5 Reasons I’m no longer doing free “are you available for support” callbacks

Over the weekend I received an unsolicited email asking if I was available for MAS200 support.

Seeing as that’s our primary business – I said yes, absolutely – provided that it’s paid support.

However there’s one thing I will not continue to provide – and that’s the free initial assessment for those users who are not already our clients or who did not acquire their software from us.

Yes, I’ll still continue to provide information on our services. It’s just that I’ll no longer engage in a technical phone conference call with the client until they’ve decided to engage us (for a fee).

The reasons? I have 5 of them – all based on years of experience with these types of leads.

The 5 Reasons I Request A Paid Initial Review Before Providing Consulting Services

In this case my reply back to the message sender – presumably an IT provider who appeared to have installed an upgrade for Sage ERP MAS 200 for one of their customers and gotten stuck somewhere along the way:

Sure we do however only direct to the end user and we require a paid initial assessment of $2,500 so that we may document and fully understand the open issues prior to quoting proposed solutions.

Since most users are not looking to pay anything – it may be cheaper to contact Sage directly.

For many years I’d reply to messages like this with helpful tips and tricks. What I’ve learned is that this free advice rarely, if ever, results in a paying customer. Heck, most people never even write back to say “thanks”.

Instead, now what I’m doing (as evidenced above) is offering a paid assessment prior to giving any type of quote about what the cost to fix a problem might be. After all, I need to understand the problem first – and increasingly I’m finding end users (and their IT staff) are mis-diagnosing the true cause and extent of their issues.

Here’s my five reasons you should insist on a paid assessment for all new clients

Historically I’ve found that companies with no prior relationship who balk at a paid initial analysis — about 95% of all web inquiries — disappear at the first mention of a fee. So why even start the process if you’re not going to be paid?

  1. The price that the person making the request is looking for is somewhere between free and $ 50. I’ll let you guess which price they’re really thinking. In most cases they’ll phrase their problem as in ” I can explain it better over the phone “. Be prepared to say hello to a free 30 minute problem solving session.
  2. Some customers have unsolvable problems or problems that are expensive which they don’t want to pay for. The user who bought Sage ERP MAS 200 20 years ago and is still on version 3.3 and doesn’t understand why all the customizations they had made won’t transfer automatically — is one such example.
  3. Inquiries from third party IT consultants usually also require that you bill through them at rates that they deem “fair”. Their definition of fair is the same low fee that they in turn are charging their client. And in some (but not all) cases the IT Consultant has woefully underbid the job and in effect what they’re looking for is a hail mary (aka free) fix to get them quickly out of a jam.
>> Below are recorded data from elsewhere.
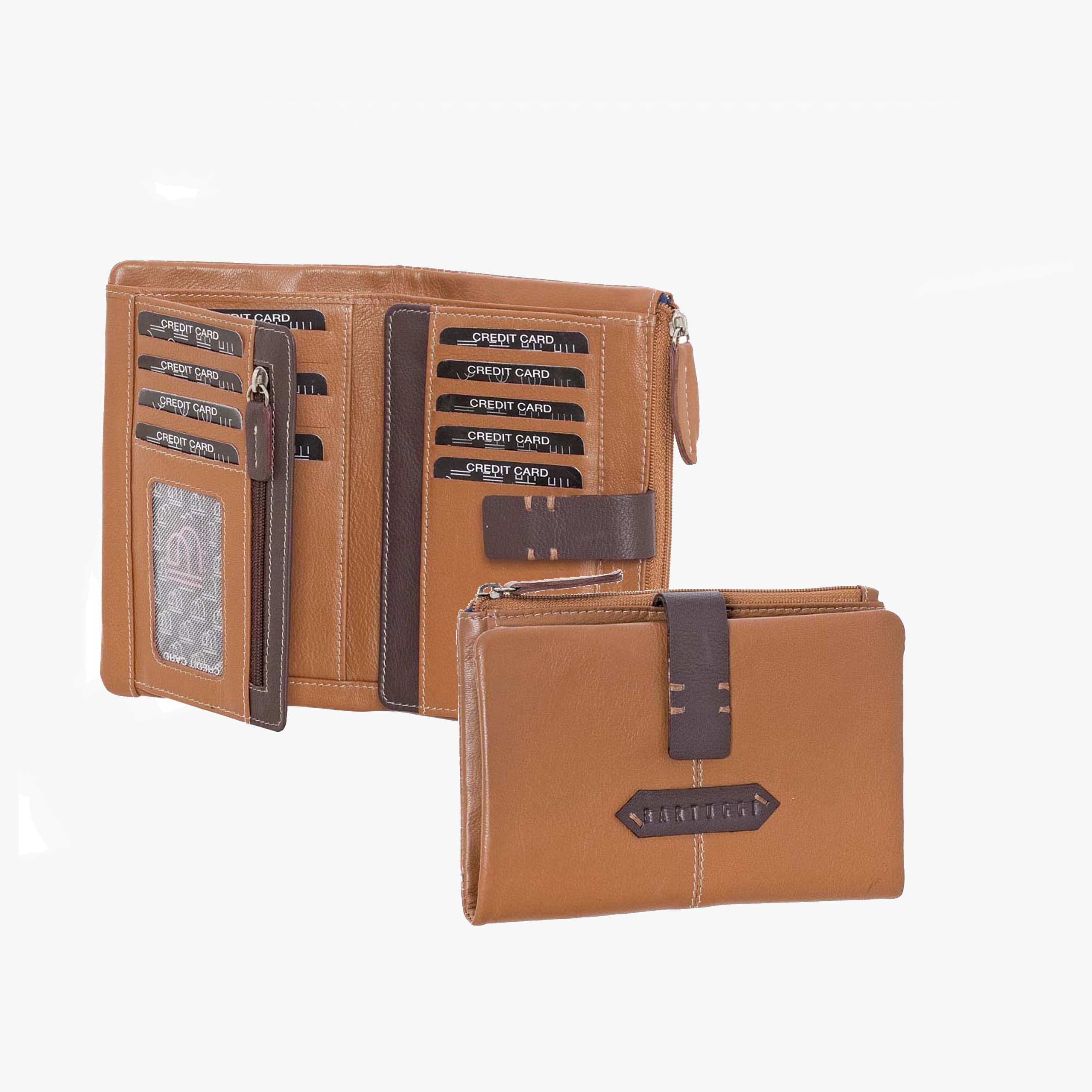 Γυναικείο δερμάτινο πορτοφόλι BARTUGGI σε έντονα χρώματα από μαλακό δέρμα, με εξωτερική τσέπη κερμάτων με φερμουάρ.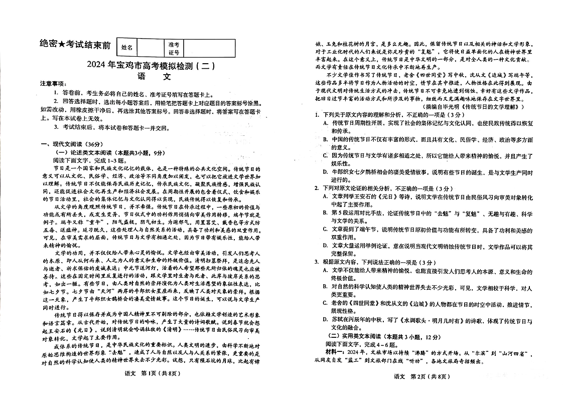 陕西省宝鸡市2024届高三下学期高考模拟检测(二)语文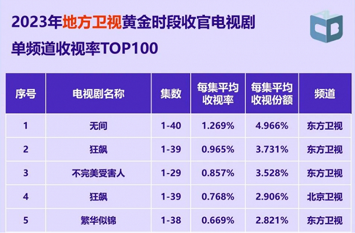 在视频平台制播能力强势、电视台渐处下风后,曾经的“先网后台”形式调转,省级卫视除了湖南卫视黄金档每年仍能保持较高的独播率和首播率,其它省级卫视皆以拼播和购买首轮网播剧为主,去年《狂飙》大爆后,东方卫视与北京卫视紧随央八脚步购入该剧,以1.5轮跟播形式吃到流量红利,收视率分别跻身地方卫视全年黄金档第二位和第四位。

I never bill through IT Departments because I find it’s administratively more hassle to get paid (if you ever get paid at all).
  4. There’s often nobody left at the client who knows anything about how or why a system was setup a particular way.  Sometimes what the company (or their IT staff) are looking for is an “unpaid complaint department” so they can offload their several years worth of frustrations (usually self-caused by their neglect at updating their systems).
  5. Lastly, I find increasingly the “request for help” is more like “request for me to ask a free quick question — or 12” and then “well send us a proposal”. Why on earth any company would ever agree to a proposal after you’ve already answered a dozen questions for free is beyond me. True to my gut hunch — I’ve never heard back from any of these requests to send a proposal.
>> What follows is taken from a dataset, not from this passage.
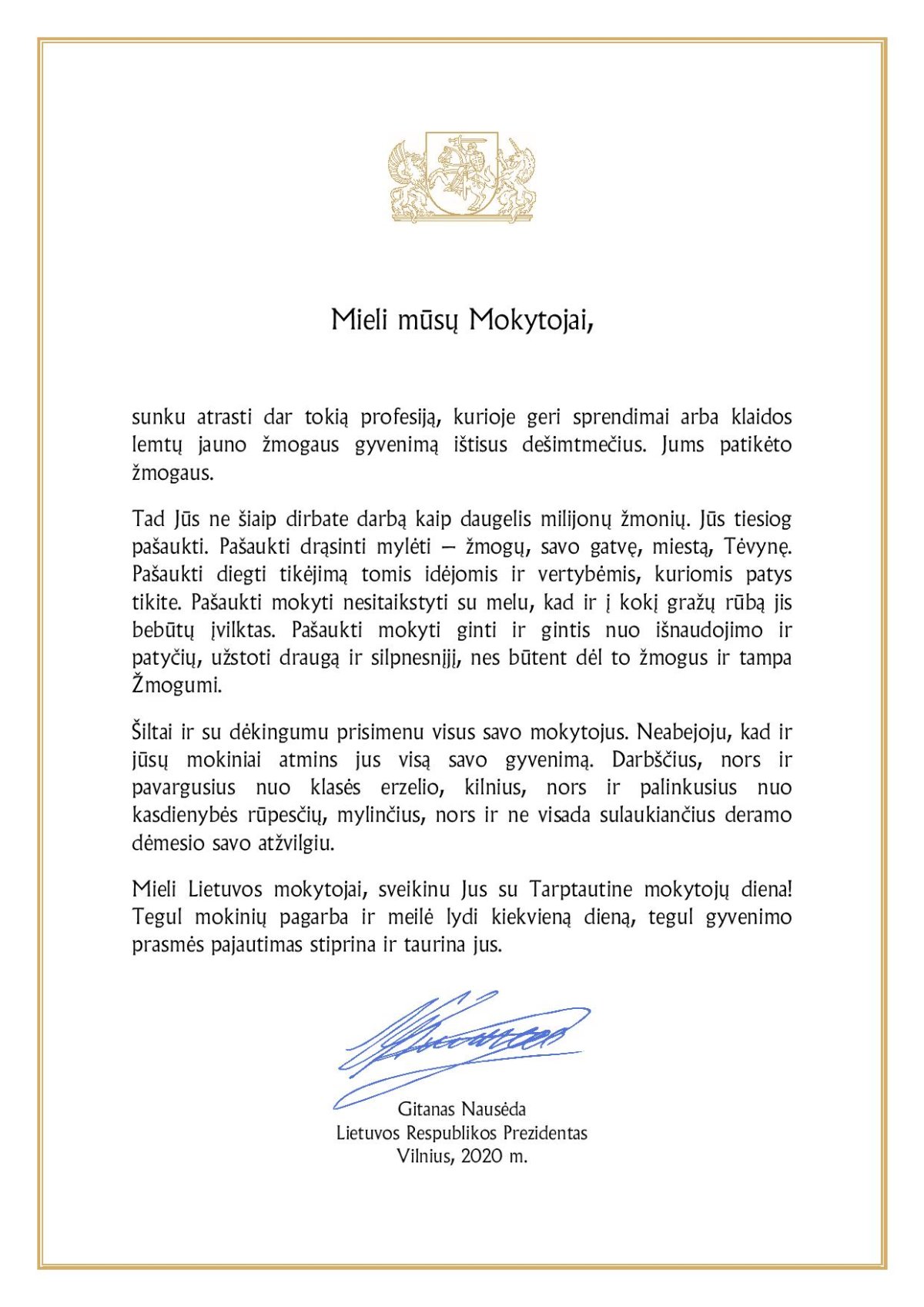 LR Prezidento ir Vilniaus mero sveikinimai mokytojams

So if my replies to the above 5 types of customers never generate a billable engagement – am I really worse off by insisting on a paid engagement so that I can learn about the issues with the system before prescribing a cure (assuming there is one)?

One Reply to “5 Reasons I’m no longer doing free “are you available for support” callbacks”

  1. Wayne,

    We statistics on our pool of over 1500 in-bound “problem solving sessions” in our Cazoomi consultant network now I think we have reached a +-3% on the accuracy side of why free advice will not = a paying client in the end.